**About this task:** Restate word for word the entries below, starting at the line with "Eco Altea, feria" and ending at the line with "C-Set is a Super". Keep both end lines and omit the pictures.

** Opening Exercise materials block **

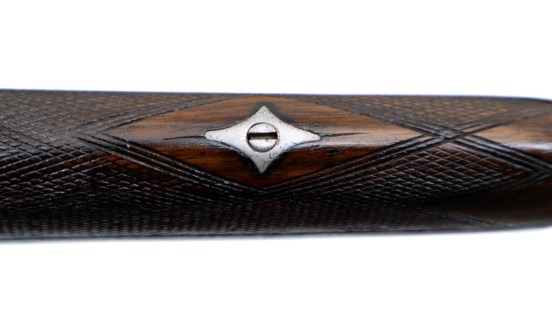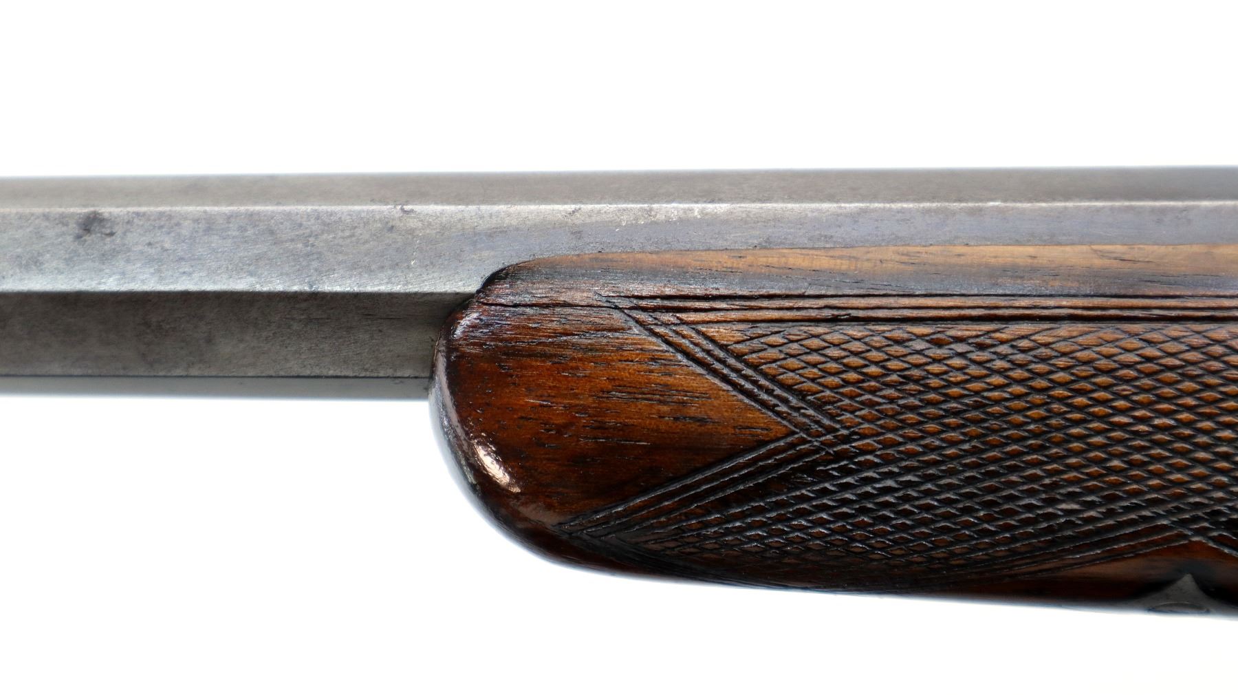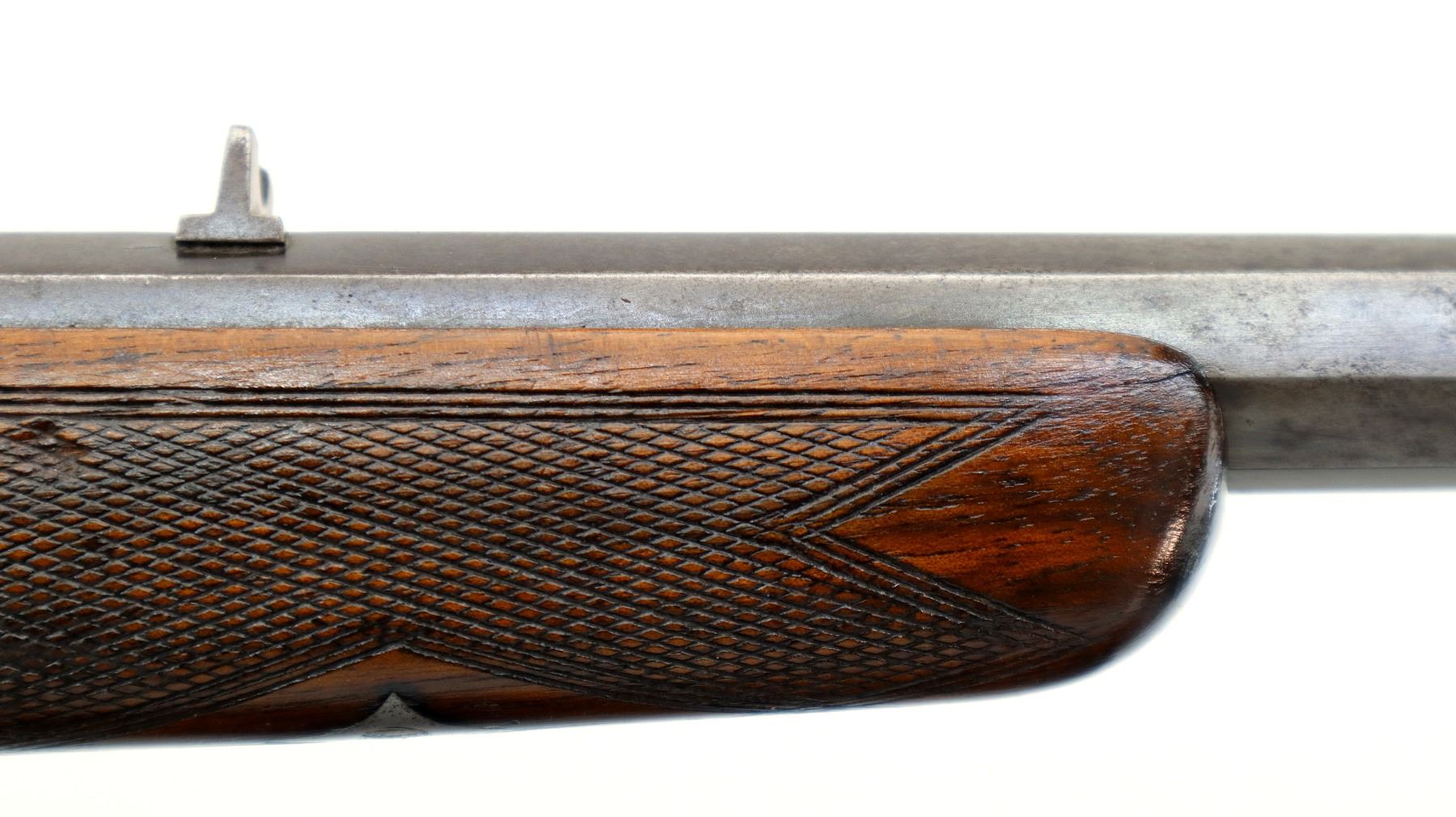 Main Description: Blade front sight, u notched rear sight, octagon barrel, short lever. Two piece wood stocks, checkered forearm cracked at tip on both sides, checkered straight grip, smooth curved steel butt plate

** Closing Exercise materials block **
** Opening Exercise materials block **

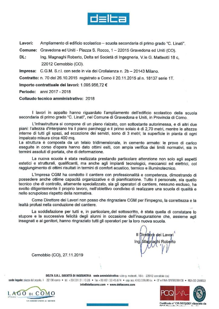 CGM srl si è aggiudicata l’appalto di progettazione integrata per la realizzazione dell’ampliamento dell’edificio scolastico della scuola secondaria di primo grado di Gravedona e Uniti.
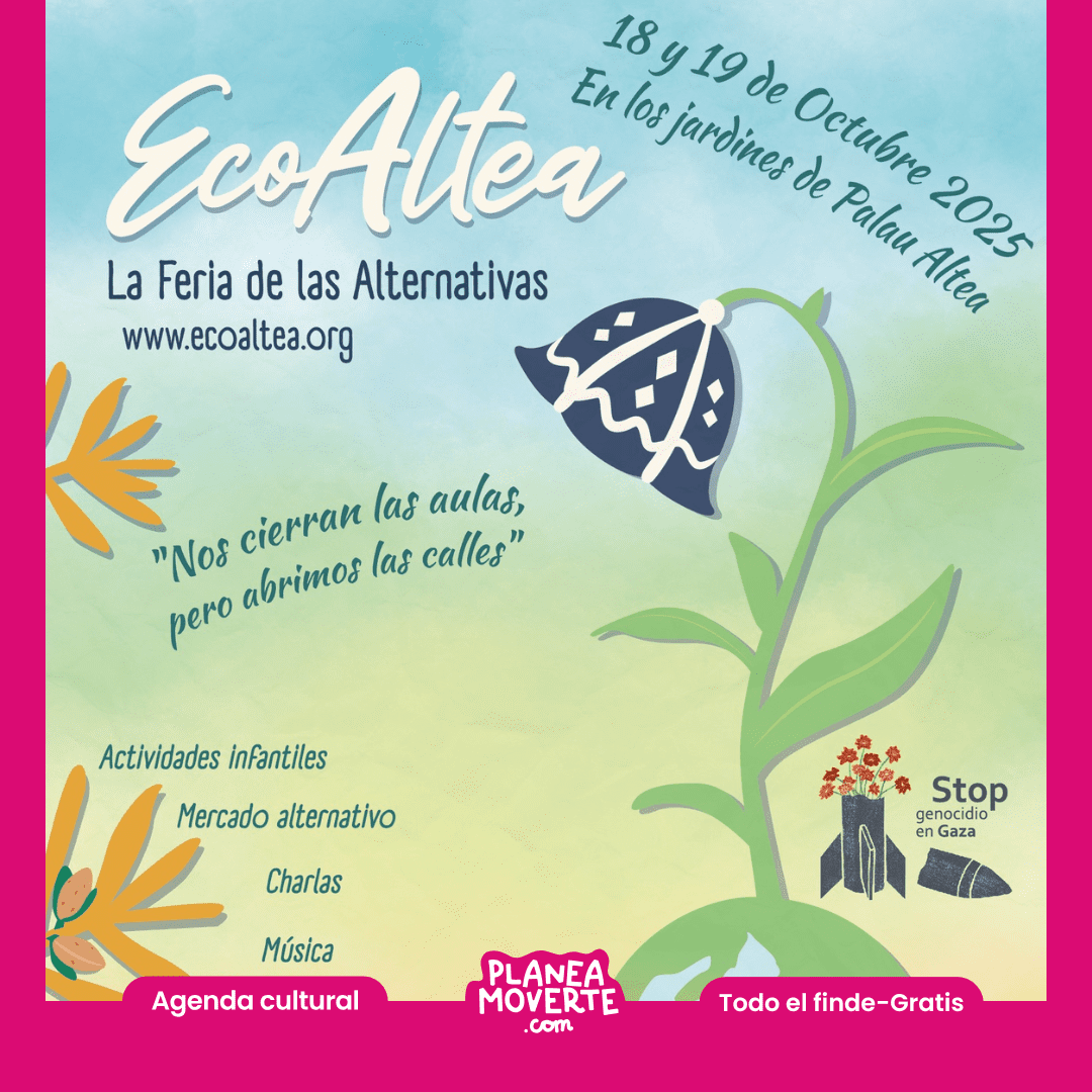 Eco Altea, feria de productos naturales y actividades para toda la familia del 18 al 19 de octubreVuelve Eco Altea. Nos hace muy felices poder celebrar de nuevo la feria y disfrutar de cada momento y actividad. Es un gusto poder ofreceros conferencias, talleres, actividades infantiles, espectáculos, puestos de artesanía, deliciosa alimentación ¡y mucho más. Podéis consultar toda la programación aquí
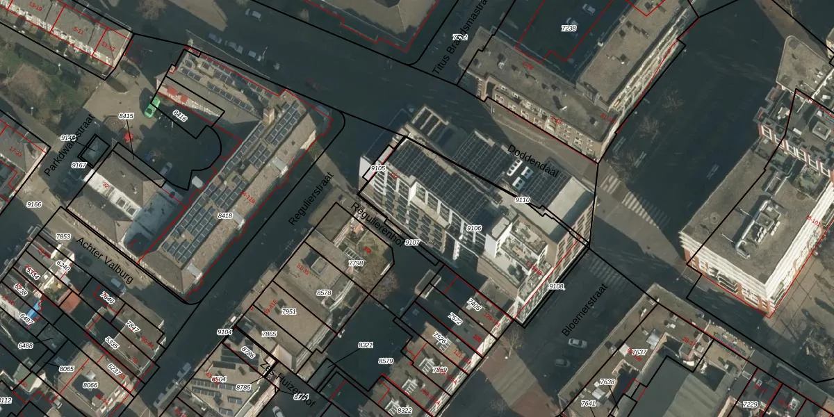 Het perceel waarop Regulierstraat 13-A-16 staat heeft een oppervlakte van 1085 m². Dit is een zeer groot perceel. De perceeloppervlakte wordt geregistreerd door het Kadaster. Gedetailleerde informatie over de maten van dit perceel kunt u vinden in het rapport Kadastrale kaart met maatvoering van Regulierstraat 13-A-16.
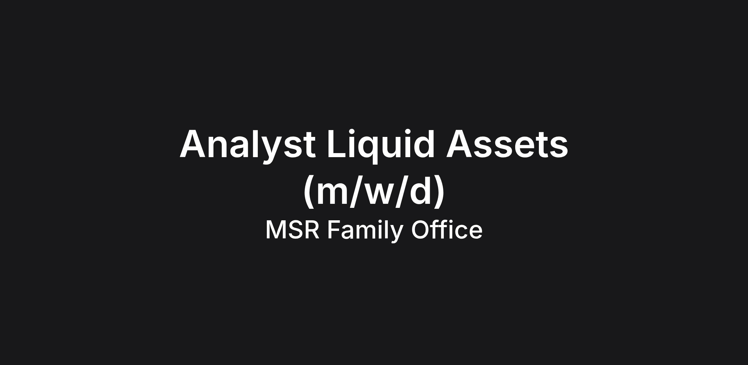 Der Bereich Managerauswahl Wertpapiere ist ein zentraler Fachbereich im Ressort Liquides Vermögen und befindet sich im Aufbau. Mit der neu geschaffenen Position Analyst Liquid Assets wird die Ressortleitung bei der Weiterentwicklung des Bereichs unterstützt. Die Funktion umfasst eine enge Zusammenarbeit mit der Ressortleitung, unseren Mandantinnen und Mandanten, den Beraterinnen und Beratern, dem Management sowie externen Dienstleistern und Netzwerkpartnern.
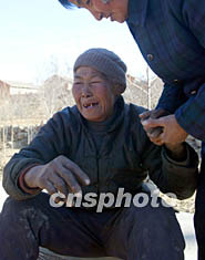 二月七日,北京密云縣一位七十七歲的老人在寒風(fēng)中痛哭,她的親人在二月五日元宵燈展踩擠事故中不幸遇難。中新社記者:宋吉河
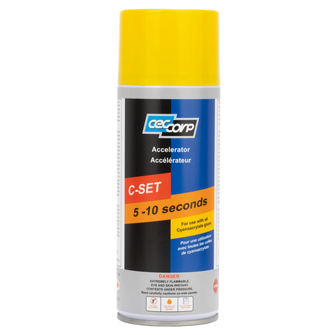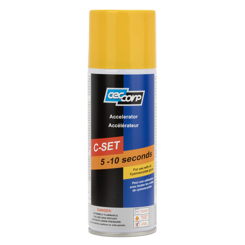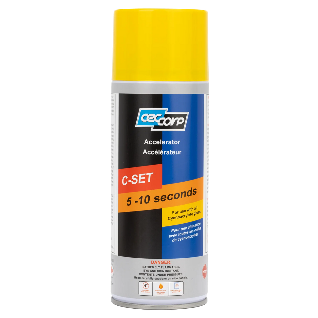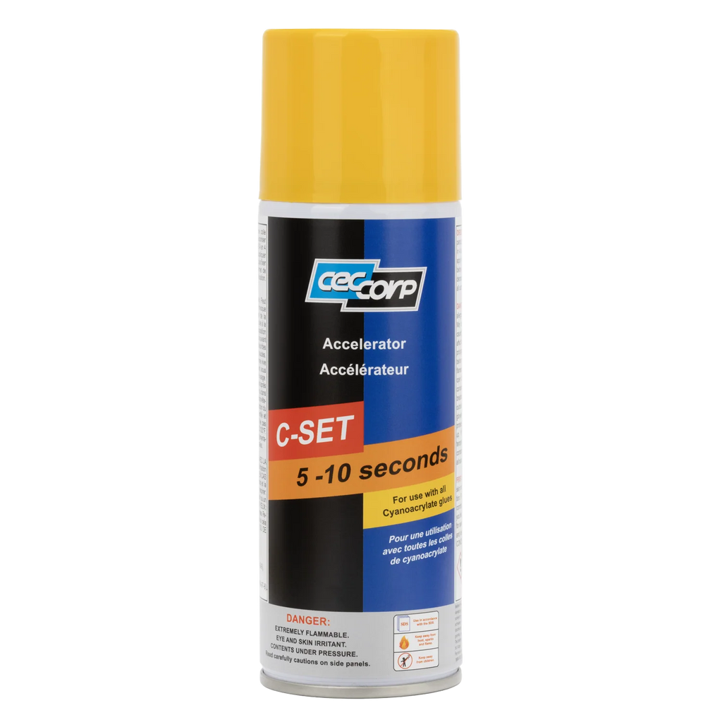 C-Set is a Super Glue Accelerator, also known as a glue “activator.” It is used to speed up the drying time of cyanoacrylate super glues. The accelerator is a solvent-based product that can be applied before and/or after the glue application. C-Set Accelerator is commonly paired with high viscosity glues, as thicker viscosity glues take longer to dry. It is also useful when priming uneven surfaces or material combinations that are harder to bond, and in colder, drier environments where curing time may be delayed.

** Closing Exercise materials block **

**Worked solution:**
 Eco Altea, feria de productos naturales y actividades para toda la familia del 18 al 19 de octubreVuelve Eco Altea. Nos hace muy felices poder celebrar de nuevo la feria y disfrutar de cada momento y actividad. Es un gusto poder ofreceros conferencias, talleres, actividades infantiles, espectáculos, puestos de artesanía, deliciosa alimentación ¡y mucho más. Podéis consultar toda la programación aquí
 Het perceel waarop Regulierstraat 13-A-16 staat heeft een oppervlakte van 1085 m². Dit is een zeer groot perceel. De perceeloppervlakte wordt geregistreerd door het Kadaster. Gedetailleerde informatie over de maten van dit perceel kunt u vinden in het rapport Kadastrale kaart met maatvoering van Regulierstraat 13-A-16.
 Der Bereich Managerauswahl Wertpapiere ist ein zentraler Fachbereich im Ressort Liquides Vermögen und befindet sich im Aufbau. Mit der neu geschaffenen Position Analyst Liquid Assets wird die Ressortleitung bei der Weiterentwicklung des Bereichs unterstützt. Die Funktion umfasst eine enge Zusammenarbeit mit der Ressortleitung, unseren Mandantinnen und Mandanten, den Beraterinnen und Beratern, dem Management sowie externen Dienstleistern und Netzwerkpartnern.
 二月七日,北京密云縣一位七十七歲的老人在寒風(fēng)中痛哭,她的親人在二月五日元宵燈展踩擠事故中不幸遇難。中新社記者:宋吉河
 C-Set is a Super Glue Accelerator, also known as a glue “activator.” It is used to speed up the drying time of cyanoacrylate super glues. The accelerator is a solvent-based product that can be applied before and/or after the glue application. C-Set Accelerator is commonly paired with high viscosity glues, as thicker viscosity glues take longer to dry. It is also useful when priming uneven surfaces or material combinations that are harder to bond, and in colder, drier environments where curing time may be delayed.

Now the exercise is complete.